A Backward Euler Method Based Thévenin Equivalent Integral Model for Full-bridge Modular Multi-level Converters

Abstract

–The Thévenin equivalent electromagnetic transient model of the full-bridge modular multi-level converter adopts Dommel's Algorithm to discretize individual capacitor to maintain the identity of each switching level and achieves significant CPU time savings. This article presents an enhanced integral full-bridge modular multi-level converter model with built-in efficient sorting algorithms. Basically it achieves further speedup from the traditional equivalent algorithm by assuming the switch's “OFF” condition as an ideal open circuit, by using the A-stable backward Euler integration method instead of the trapezoidal rule to discretize the individual capacitor in each sub-module and by using the proposed efficient capacitor voltage sorting algorithm. Then the blocking implementation method and the way to simulate the open and short-circuit faults of the internal full-bridge modular multi-level converter devices are also provided to make the full-bridge modular multi-level converter model complete and effective.

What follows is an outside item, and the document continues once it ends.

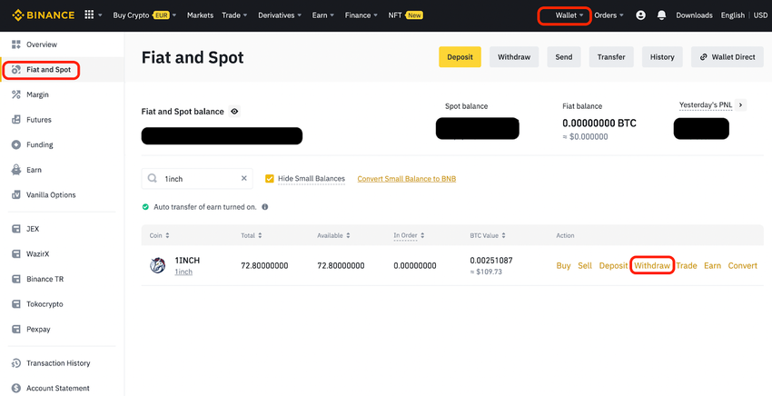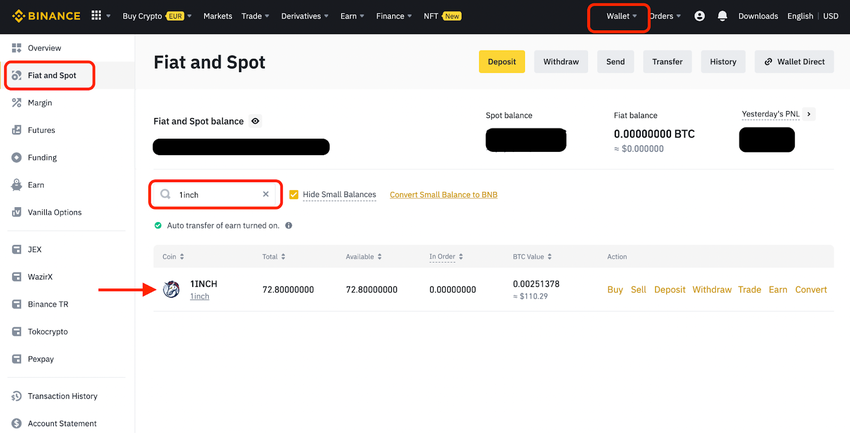 Gehe auf Wallet > Fiat and Spot und schaue nach dem 1INCH-Token. Hier hast du die Möglichkeit Withdraw zu wählen, um deine Investitionen auszuzahlen.

The validity and scalabilities of the presented model are demonstrated using closed-loop simulation of a back-to-back high-voltage DC system and open-loop simulations of full-bridge modular multi-level converters. The results obtained from both demonstrations have shown that the presented integral model is able to accurately simulate the typical behaviors of the full-bridge modular multi-level converter during normal operation and AC/DC network transients.